The resources of the FPGA used and the total use percentage are summarised in
Table 5. The FF (Flip-Flop) resources are used for implementing registers and fast data storage. LUT (LookUp Table) are used for implementing combinational logic while the DSP48E are building blocks used in arithmetic (fixed and floating-point) operations. The performance is limited mainly by the available LUT resources, since embedding additional SPUs in a CORE does not modify the memory bandwidth usage.
To provide an estimation of the achievable acceleration of the execution time of the neighbour search of the scan-line points, we run the Vaihingen sample in the Zedboard with and without using the PL hardware acceleration. The results of these tests are shown in
Table 6. We show that the execution time of the neighbours search can be accelerated by a factor of 3.5 with a (non-optimised) custom hardware accelerator.
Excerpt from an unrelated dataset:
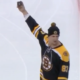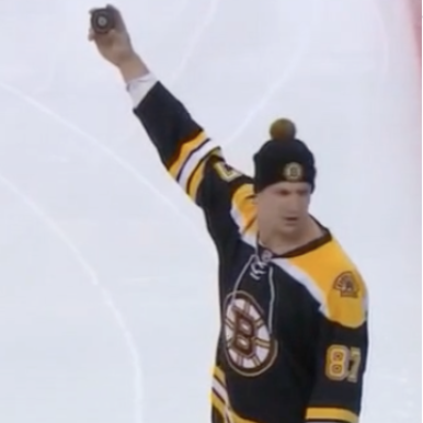 Gronkowski spiked a hockey puck prior to a Bruins game in a ceremony honoring the Patriots for winning the Super Bowl.

4.3. Power and Energy Consumption
Two different methods have been used in order to estimate power consumption. For early estimation of the Xilinx Zynq SoC power consumption during the cycle design, we have used the Xilinx Power Estimator (XPE). The XPE is a spreadsheet-based tool that provides detailed power and thermal information based on design information such as resource use and clock frequencies. For power consumption estimation of the Zedboard during execution, we use voltage measurements of the shunt-resistor mounted on the power supply of the ZedBoard. The shunt-resistor is a 10-m
resistor in series with the input supply line to the board; this resistor can be used to measure the current draw of the whole board. The current draw can be used to calculate the power consumption of the board using Ohm’s law and the supply voltage. As the power supply voltage is 12 V, the power consumption of the board can be obtained by measuring the voltage over the current sense resistor and by inserting the measured value into Equation (
5).
The power dissipation of the Zedboard during the tests performed with and without hardware acceleration was below 3 W. The results of these tests are summarised in
Table 7. Energy efficiency is increased by using hardware acceleration.